Hay días, como por ejemplo hoy, sin ir más lejos, en los que uno se sienta ante la pantalla del ordenador, las manos sobre el teclado, dispuesto a redactar su artículo semanal y no acierta a encontrar un tema que le plazca mínimamente. Por lo común, un servidor tiene ya seleccionado con anterioridad el asunto al que se quiere referir. A veces dispone de un delgado hilo argumental que le resulta adecuado para desplegar una tesis o, por lo menos, una serie de opiniones personales que reflejen una cierta originalidad. En ocasiones, durante el proceso de escritura, algunos contenidos excavan una determinada materia y son plasmados con indudable profundidad; en otras circunstancias, el opinante se desplaza por unas aguas mucho más superficiales, recreándose más en la forma que en el fondo de la cuestión planteada y, casi siempre, el artículo adquiere un tono más frívolo, irónico o, inclusive, burlón.
En muchos casos, la idea nuclear que propicia la redacción de un artículo, proviene de algún hecho leído o vivido que, según el articulista, merece la pena dar a conocer a sus lectores. La representación del concepto seleccionado puede aparecer, también, por sorpresa o, en su caso, a través del más puro azar. Uno puede pillar su razonamiento a partir de cualquier imagen momentánea que se cruza en su día a día (una flor, un niño llorando en un paso de cebra, una postal con un lago junto a montañas nevadas, una pareja de ancianos cogidos de la mano, una despedida en una estación de tren, un espot de televisión o, simplemente, observando su propia imagen frente a un espejo); a su vez, también es posible utilizar como carnaza literaria una conversación callejera o de bar de la esquina atrapada secretamente por ventura. Asimismo, un sencillo pensamiento sobre cualquier temática que vuele hacia la mente del escritor en cualquier momento vacío de acción intelectual (en la ducha, paseando, escuchando la radio, leyendo o comprando pescado), puede llegar a ser la verdadera enjundia del proyecto literario o periodístico.

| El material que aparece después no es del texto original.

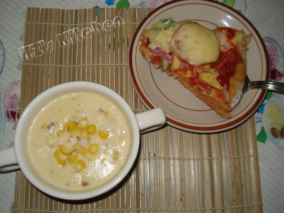 玉米奶油鸡茸浓汤和PIZZA

La filosofía de la banalidad.
Con la noción de la trama ya en posesión previa de la imaginación, al sentarse frente al ordenador, el relato suele emerger de manera harto fluida. Los dedos actúan con la precisión de un pianista y la mente no hace más que dar rienda suelta a su dictado; sin casi pausas. Se trata, prácticamente, de una transcripción.
Por otro lado, el redactor puede tener bastante desarrollada la urdimbre del artículo a escribir pero, en cambio, éste precisa de algo de calma y sosiego para poder ser alumbrado. A veces se requiere de alguna documentación suplementaria que enriquezca el producto; en otras situaciones, el contenido de fondo necesita ser ejecutado de modo más juicioso, más reposado o, si se quiere, menos impulsivo. La sintaxis empleada en estos casos solicita una mayor trabazón con el fundamento, con la esencia del sujeto principal. En esta última coyuntura, el sobreesfuerzo intelectual ordenado imprime la circunstancia de lentitud obligada en la confección de la narración.
El resultado corporal que se deriva de la finalización de la escritura periódica, también se presenta distinta según el vaivén de su proceso. En una composición basada en una idea presentida o prevista anteriormente que ha resultado vibrante y frenética al ser enviada neurológicamente a los dedos, una ligera taquicardia sigue afectando al autor, momentos después de haber terminado su trabajo. No se da tan alto nivel de satisfacción como cuando el parto se ha presentado cachazudo y farragoso; entonces, bajo estas circunstancias, una especie de placer recóndito invade el ánimo del creador de la crónica; y esta sensación es más duradera.
En fin, qué les voy a explicar que no lo hayan ya imaginado: hoy no se me ha ocurrido nada interesante que contarles.